Douglas A. McIntyre is the co-founder, chief executive officer and editor in chief of 24/7 Wall St. and 24/7 Tempo. He has held these jobs since 2006.

McIntyre has written thousands of articles for 24/7 Wall St. He is an expert on corporate finance, the automotive industry, media companies and international finance. He has edited articles on national demographics, sports, personal income and travel.

His work has been quoted or mentioned in The New York Times, The Wall Street Journal, Los Angeles Times, The Washington Post, NBC News, Time, The New Yorker, HuffPost USA Today, Business Insider, Yahoo, AOL, MarketWatch, The Atlantic, Bloomberg, New York Post, Chicago Tribune, Forbes, The Guardian and many other major publications. McIntyre has been a guest on CNBC, the BBC and television and radio stations across the country.

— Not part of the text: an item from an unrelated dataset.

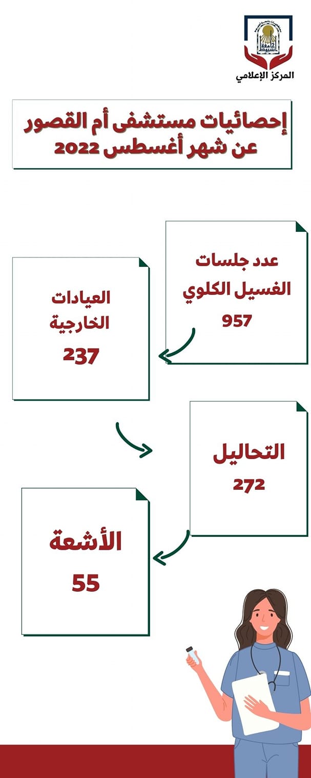 مستشفى أم القصور الجامعي تجري ٩٥٧ جلسة غسيل كلوي خلال أغسطس الماضي

A magna cum laude graduate of Harvard College, McIntyre also was president of The Harvard Advocate. Founded in 1866, the Advocate is the oldest college publication in the United States.

TheStreet.com, Comps.com and Edgar Online are some of the public companies for which McIntyre served on the board of directors. He was a Vicinity Corporation board member when the company was sold to Microsoft in 2002. He served on the audit committees of some of these companies.

McIntyre has been the CEO of FutureSource, a provider of trading terminals and news to commodities and futures traders. He was president of Switchboard, the online phone directory company. He served as chairman and CEO of On2 Technologies, the video compression company that provided video compression software for Adobe’s Flash. Google bought On2 in 2009.